§ **What to work on**
Retype exactly what appears below from the line containing "Gác nắp ấm sứ" down to the line containing "This beautiful end-unit", keeping both end lines. Do not include pictures.

§ **Entries supplied**
=== Section Start ===
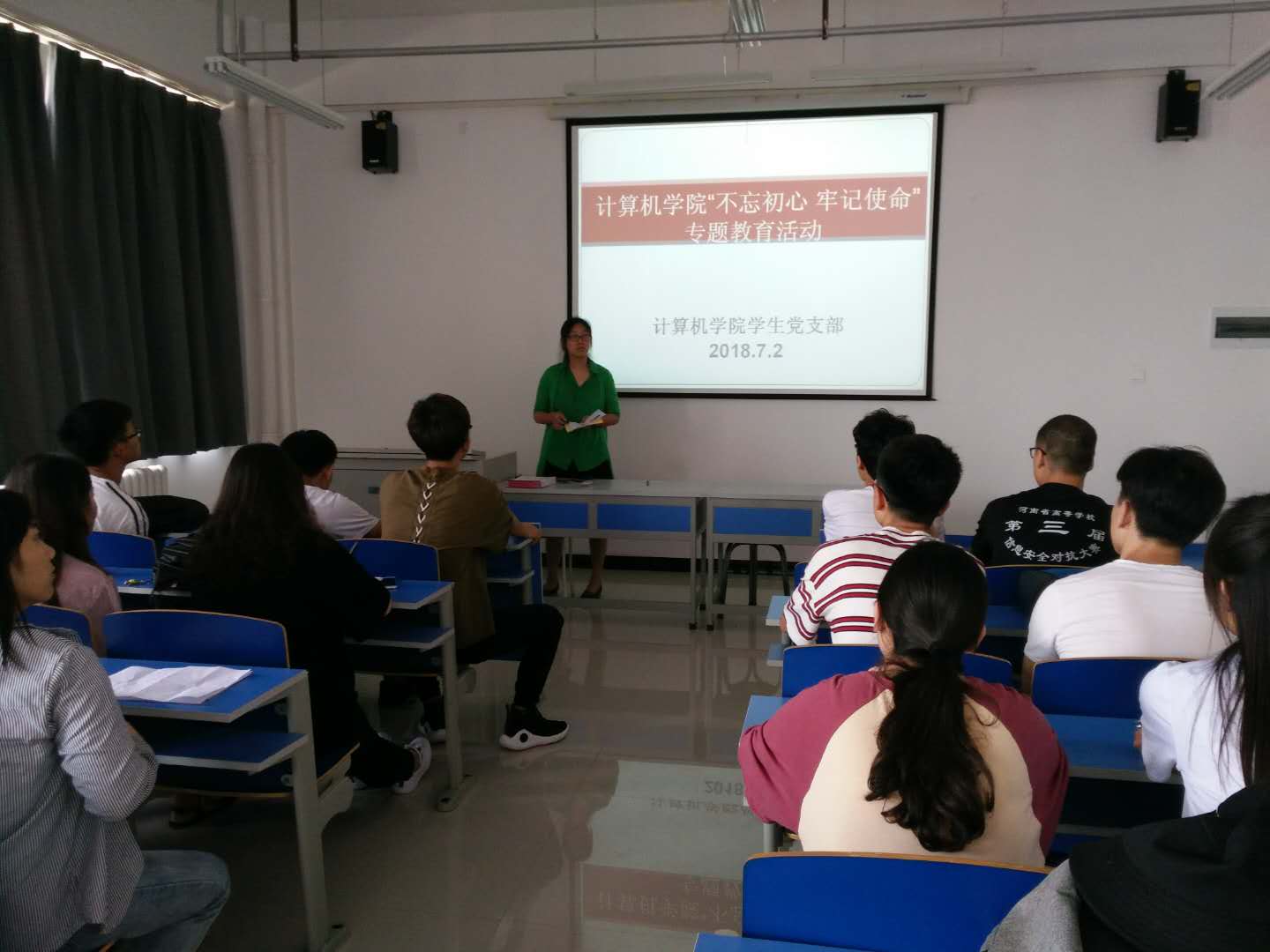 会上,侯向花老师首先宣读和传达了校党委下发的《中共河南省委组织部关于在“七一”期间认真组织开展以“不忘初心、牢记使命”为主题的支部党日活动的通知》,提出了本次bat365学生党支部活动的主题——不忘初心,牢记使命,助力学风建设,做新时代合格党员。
=== Section End ===
=== Section Start ===
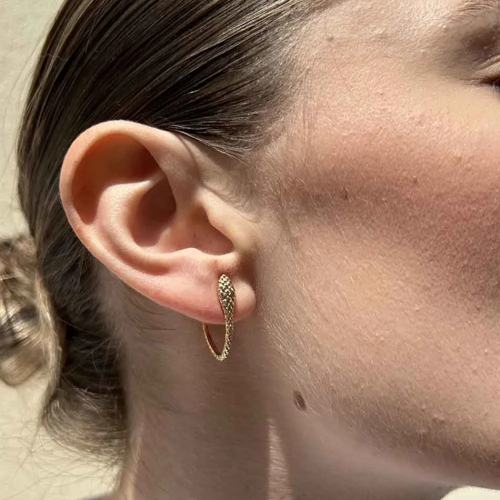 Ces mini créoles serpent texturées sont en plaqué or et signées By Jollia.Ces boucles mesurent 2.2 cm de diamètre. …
=== Section End ===
=== Section Start ===
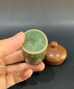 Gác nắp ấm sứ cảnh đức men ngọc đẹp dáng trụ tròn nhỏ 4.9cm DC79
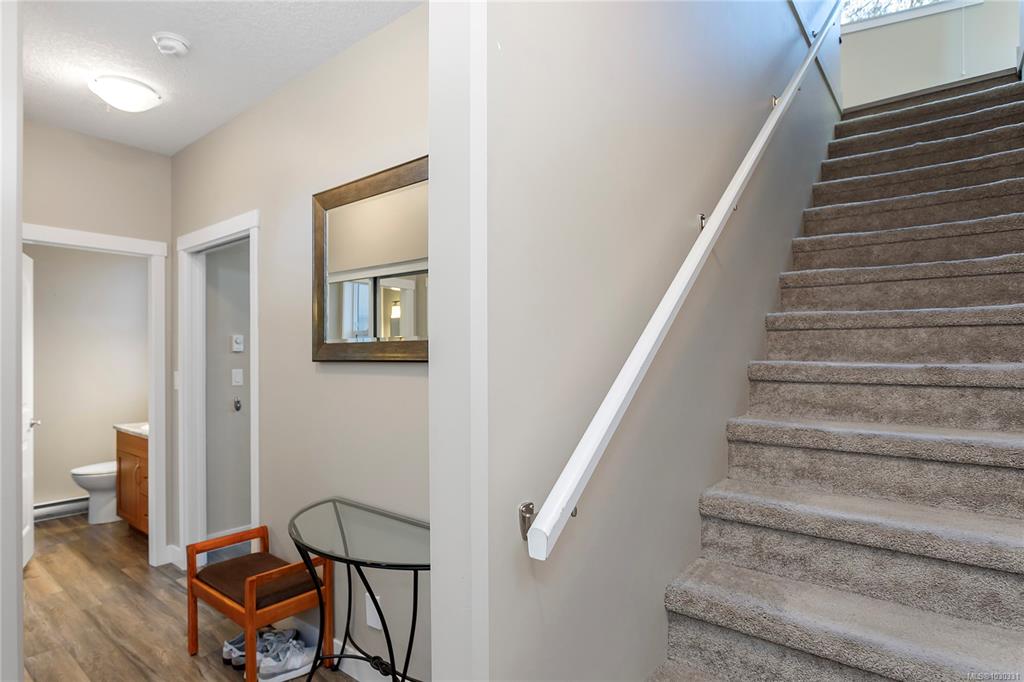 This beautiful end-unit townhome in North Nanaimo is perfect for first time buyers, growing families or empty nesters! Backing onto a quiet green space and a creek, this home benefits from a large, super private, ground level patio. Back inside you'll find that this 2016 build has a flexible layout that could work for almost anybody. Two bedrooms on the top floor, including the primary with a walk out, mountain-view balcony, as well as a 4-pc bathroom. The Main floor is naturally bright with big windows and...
=== Section End ===
§ **Expected answer**
 Gác nắp ấm sứ cảnh đức men ngọc đẹp dáng trụ tròn nhỏ 4.9cm DC79
 This beautiful end-unit townhome in North Nanaimo is perfect for first time buyers, growing families or empty nesters! Backing onto a quiet green space and a creek, this home benefits from a large, super private, ground level patio. Back inside you'll find that this 2016 build has a flexible layout that could work for almost anybody. Two bedrooms on the top floor, including the primary with a walk out, mountain-view balcony, as well as a 4-pc bathroom. The Main floor is naturally bright with big windows and...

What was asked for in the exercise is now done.